What the resolver does NOT cover
- Arbitrary in-container HTTP traffic. The resolver wraps an http.Client in the helmdeck Go process. Code running inside a session container that makes its own HTTP calls bypasses the resolver. For session-side egress, the iptables runbook below remains the right answer.
- HTTPS MITM proxying. The resolver does not terminate TLS or inject a custom CA cert into session containers. That's a much bigger ship and breaks pinned-cert clients; the per-pack http.Client wrapper covers helmdeck's actual use case.
- Response substitution. Only outbound traffic is rewritten. Responses pass through verbatim — agents see the real API response, just never the credential that authorized it.

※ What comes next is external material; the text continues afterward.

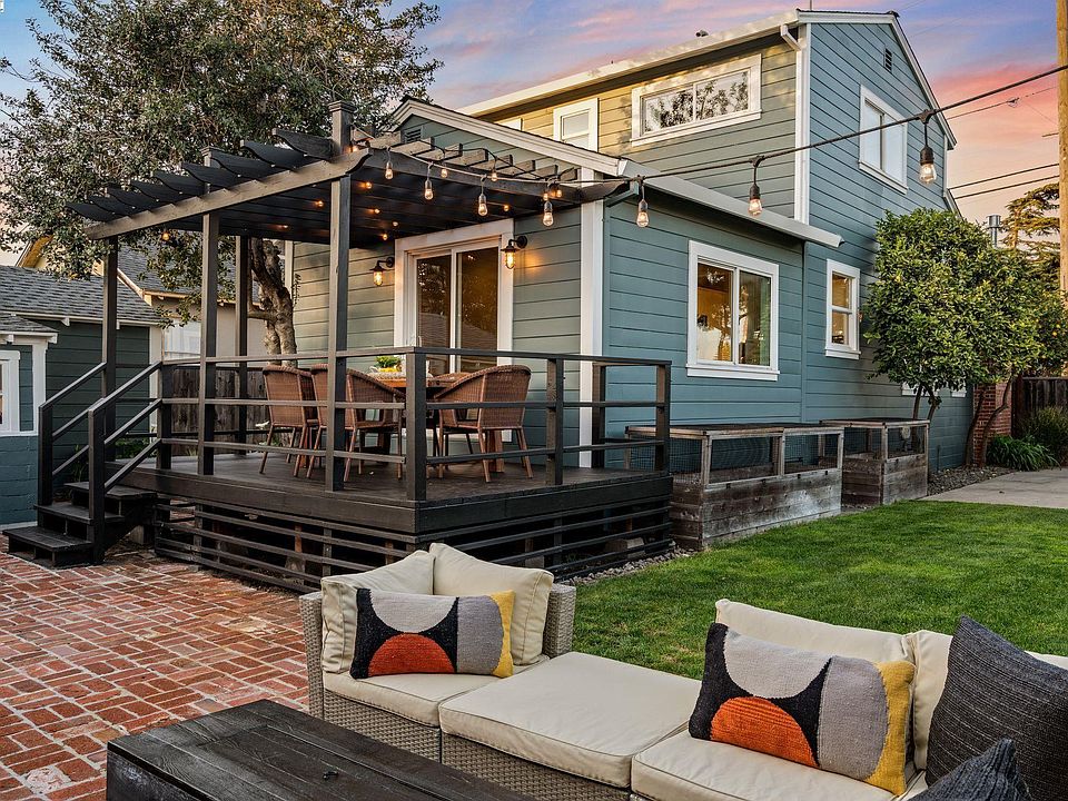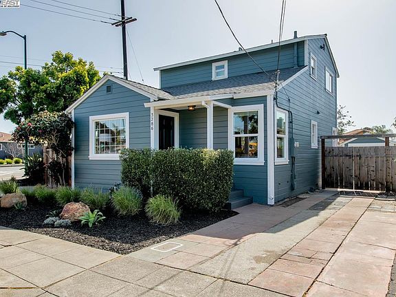 A sought-after Alameda location combined w/a pristine, move-in-ready home is yours with this fabulous East End home! Located just minutes to top schools, parks, Trader Joe's & shoreline trails and beaches, this 2-story home features 4 BR, 2 BA, a traditional living room, an open kitchen/DR + laundry room, all on a large, wrap-around corner lot w/fantastic indoor/outdoor living spaces. Thoughtfully renovated from top to bottom with no detail overlooked by the present owners, the home has a pleasing, flexible floor plan with 2 BR/1 BA on the main level and 2 spacious BR and a beautifully remodeled bathroom upstairs. Details include refinished hardwood floors, a lovely fireplace with an attractive gas insert, dual-pane windows, spacious rooms with abundant natural light throughout + much more. The primary BR includes a gorgeous ensuite BA with high-end fixtures & finishes, while the kitchen features new GE Cafe "Smart" appliances, Caesarstone counters and loads of kitchen storage. New furnace & interior/exterior paint (2022-2024). Fabulous backyard with patios, raised beds, lemon, lime, orange, avocado & apple trees + a pergola-covered raised deck off the dining room. A detached garage includes a bonus space for storage or a home office/studio. A perfect home in a perfect location!

- Streaming bodies > 4 MiB. The resolver buffers the request
body to scan it; bodies larger than 4 MiB are forwarded
unchanged with a logged warning. Pack handlers that need to
upload large files should call
placeholder.Substitute()on the headers/URL but bypass the wrapped client for the body.
Granting credentials to packs
Same flow as repo.fetch/repo.push — create the credential, then
grant the appropriate actor access. For an http.fetch call from
a Claude Code agent:
# Create the credential
curl -X POST http://localhost:3000/api/v1/vault/credentials \
-H "Authorization: Bearer $ADMIN_TOKEN" \
-d '{
"name": "github-token",
"type": "api_key",
"host_pattern": "api.github.com",
"plaintext_b64": "'$(printf 'ghp_real_token' | base64)'"
}'
# Grant the agent access (using the JWT subject + client claim)
curl -X POST http://localhost:3000/api/v1/vault/credentials/cred_xxx/grants \
-H "Authorization: Bearer $ADMIN_TOKEN" \
-d '{"actor_subject":"alice","actor_client":"claude-code"}'
The agent then references the credential by name in any
http.fetch call, and helmdeck enforces the ACL on every
substitution attempt.
Trivy CI scan gate (T511)
Every push and PR runs trivy fs --severity CRITICAL over the
working tree as the trivy-scan job in .github/workflows/ci.yml.
A single CRITICAL finding fails the build and blocks the merge.
HIGH/MEDIUM/LOW findings are uploaded to the GitHub Security tab
as SARIF without blocking, so the team can triage them on cadence
instead of in the middle of unrelated PRs.
When the scan fails
Triage in this order:
-
Read the finding in the failed CI job's
Run Trivy filesystem scan (CRITICAL gate)step. The output names the vulnerable package, the installed version, the fixed version, and the CVE id. -
Bump the dependency if a fix is available:
go get <module>@<fixed-version>go mod tidyIf it's a transitive dep, the direct parent has to release the bump first — find the parent in
go mod why <module>and either wait, fork, or pin via thereplacedirective. -
If no fix is available and the vulnerability genuinely doesn't apply to helmdeck (e.g. a CVE in a code path we don't reach), add a
.trivyignorefile at the repo root with the CVE id and a one-line justification:# CVE-2099-12345 — affects only the X.Y entrypoint we don't importCVE-2099-12345.trivyignoreentries are reviewed quarterly. Don't ignore anything you haven't actually understood. -
For findings in the sidecar Dockerfile (apt packages, base image), update the base image tag in
deploy/docker/sidecar.Dockerfileand rebuild viamake sidecar-build. Thetrivy-scanjob covers the source tree; thereleaseworkflow's cosign + image signing step is the corresponding gate for built images.
Adding scope to the scan
The current scope is fs (filesystem scan over Go modules + apt
manifests + helm charts + secrets-by-pattern). Adding image scans
to the release workflow is the natural next layer once the
helmdeck-control-plane and helmdeck-sidecar images settle on
stable tags — see the related GitHub issue.
Reporting security issues
Security-relevant bugs (auth bypass, sandbox escape, vault leak,
egress guard bypass) should NOT be filed as public GitHub issues.
Email tosin.akinosho@gmail.com with [helmdeck-security] in the
subject and we'll coordinate disclosure.
For non-security operational questions about hardening — "is X blocked by default?" or "how do I add Y to my allowlist?" — file a normal issue using the bug report template.